Abstract
ABSTRACTThis paper examines the highly contested and ongoing biotechnology (Bt) policy-making process in Ghana. We analyse media content on how Bt is viewed in the context of Ghana’s parliamentary debate on the Plant Breeders Bill and within the broader public policy-making literature. This paper does not seek to take a position on Bt or the Bill, but to understand how policy actors influence the debate with political and scientific rhetoric in Ghana. The study reveals that in the midst of scientific uncertainties of Bt’s potential for sustainable agriculture production and food security, policy decisions that encourage its future adoption are heavily influenced by health, scientific, economic, environmental and political factors dictated by different ideologies, values and norms. While locally pioneered plant breeding is visible and common in the Ghanaian food chain, plant breeding/GMOs/Bt from international corporations is strongly resisted by anti-GMO coalitions. Understanding the complex and messy nature of Bt policy-making is critical for future development of agricultural technology in Ghana and elsewhere.
Highlights
Sub-Saharan Africa (SSA) is disproportionally affected by climate change with 27.7% of the 795 million undernourished people globally residing on the continent (FAO, IFAD, & WFP, 2015; Garza & Stover, 2003)

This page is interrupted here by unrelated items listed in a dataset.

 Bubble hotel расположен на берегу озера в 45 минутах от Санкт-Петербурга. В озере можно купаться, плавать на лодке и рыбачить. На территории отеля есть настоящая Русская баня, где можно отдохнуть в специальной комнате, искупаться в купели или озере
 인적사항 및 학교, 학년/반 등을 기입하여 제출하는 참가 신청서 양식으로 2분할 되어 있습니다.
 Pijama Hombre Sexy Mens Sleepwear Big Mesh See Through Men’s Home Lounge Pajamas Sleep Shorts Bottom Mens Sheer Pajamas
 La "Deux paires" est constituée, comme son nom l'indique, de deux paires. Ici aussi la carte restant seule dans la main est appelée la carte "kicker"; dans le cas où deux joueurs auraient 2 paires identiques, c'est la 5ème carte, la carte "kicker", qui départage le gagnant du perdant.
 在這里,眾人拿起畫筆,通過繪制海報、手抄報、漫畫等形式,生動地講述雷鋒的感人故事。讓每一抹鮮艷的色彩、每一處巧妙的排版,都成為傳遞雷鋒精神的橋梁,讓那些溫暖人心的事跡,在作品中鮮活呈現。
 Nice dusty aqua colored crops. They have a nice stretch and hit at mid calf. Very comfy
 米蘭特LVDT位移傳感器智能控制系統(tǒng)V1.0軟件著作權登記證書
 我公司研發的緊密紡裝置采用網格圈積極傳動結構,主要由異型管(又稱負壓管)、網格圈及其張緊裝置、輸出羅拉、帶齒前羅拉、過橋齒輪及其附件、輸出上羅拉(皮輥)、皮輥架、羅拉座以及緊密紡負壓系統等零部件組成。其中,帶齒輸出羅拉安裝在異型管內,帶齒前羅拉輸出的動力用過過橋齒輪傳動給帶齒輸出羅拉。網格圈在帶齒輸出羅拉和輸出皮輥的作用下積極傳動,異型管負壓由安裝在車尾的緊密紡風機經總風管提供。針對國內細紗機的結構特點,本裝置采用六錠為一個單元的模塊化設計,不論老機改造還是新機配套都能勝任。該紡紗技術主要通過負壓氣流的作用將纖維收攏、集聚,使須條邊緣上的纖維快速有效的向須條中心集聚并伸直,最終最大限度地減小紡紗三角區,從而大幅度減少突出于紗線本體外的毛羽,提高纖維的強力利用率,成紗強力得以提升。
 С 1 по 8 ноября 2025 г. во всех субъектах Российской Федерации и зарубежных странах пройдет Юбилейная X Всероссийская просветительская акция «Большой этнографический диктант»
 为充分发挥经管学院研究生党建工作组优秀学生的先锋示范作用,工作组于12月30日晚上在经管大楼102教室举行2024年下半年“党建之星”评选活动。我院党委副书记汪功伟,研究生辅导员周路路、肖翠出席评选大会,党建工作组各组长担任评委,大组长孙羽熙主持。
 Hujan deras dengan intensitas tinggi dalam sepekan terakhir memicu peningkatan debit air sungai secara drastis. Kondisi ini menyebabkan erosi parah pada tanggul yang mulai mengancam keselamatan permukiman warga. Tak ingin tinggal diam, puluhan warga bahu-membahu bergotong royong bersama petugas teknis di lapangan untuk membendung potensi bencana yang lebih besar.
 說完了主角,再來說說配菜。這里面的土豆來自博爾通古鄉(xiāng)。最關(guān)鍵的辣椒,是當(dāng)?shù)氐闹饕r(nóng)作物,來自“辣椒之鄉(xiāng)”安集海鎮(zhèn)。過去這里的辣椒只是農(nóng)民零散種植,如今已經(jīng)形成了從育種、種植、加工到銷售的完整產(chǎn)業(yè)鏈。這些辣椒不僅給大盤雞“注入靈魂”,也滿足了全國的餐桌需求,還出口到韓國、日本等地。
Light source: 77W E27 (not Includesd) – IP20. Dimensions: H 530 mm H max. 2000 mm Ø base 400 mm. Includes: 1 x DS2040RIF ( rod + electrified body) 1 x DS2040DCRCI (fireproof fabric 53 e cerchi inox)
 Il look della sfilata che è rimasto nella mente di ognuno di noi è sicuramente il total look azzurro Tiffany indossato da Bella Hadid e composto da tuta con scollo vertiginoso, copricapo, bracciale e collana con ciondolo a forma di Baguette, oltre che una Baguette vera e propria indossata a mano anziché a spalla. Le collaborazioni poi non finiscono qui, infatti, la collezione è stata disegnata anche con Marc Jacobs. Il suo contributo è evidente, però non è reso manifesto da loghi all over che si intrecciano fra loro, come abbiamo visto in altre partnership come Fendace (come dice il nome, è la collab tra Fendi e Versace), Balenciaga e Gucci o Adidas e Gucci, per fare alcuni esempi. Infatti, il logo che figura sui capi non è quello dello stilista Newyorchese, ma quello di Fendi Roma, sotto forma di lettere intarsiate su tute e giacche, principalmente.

In contrast with long standing opinion that the genetically modified organisms (GMOs) debate was about “international GMOs” and Bt, our results indicates that only about 27% of the claims referred to GMOs originating from beyond Ghana and bordering countries
While health concerns were the dominant discourse in claims against “local GMOs”, politics dominated the rhetoric in claims opposing “international GMOs”
Summary
Sub-Saharan Africa (SSA) is disproportionally affected by climate change with 27.7% of the 795 million undernourished people globally residing on the continent (FAO, IFAD, & WFP, 2015; Garza & Stover, 2003). Food security, various agriculture technologies have been proposed, including biotechnology (Bt), innovations in machinery, chemicals, agronomy and information uptake (Godfray et al, 2010; Rosegrant & Cline, 2003). Deployment of Bt has been highly contested and remains one of the most publically debated technical solutions to food security in some of these countries including Ghana. Bt involves an alteration of the genetic make-up of plants through the extraction of desired DNA traits from one organism and introducing it onto another (McAfee, 2003; Stilwell & Van Dyke, 1999). Whereas plants have been going through natural modification or mutation, the present technology of moving individual genes through Bt is.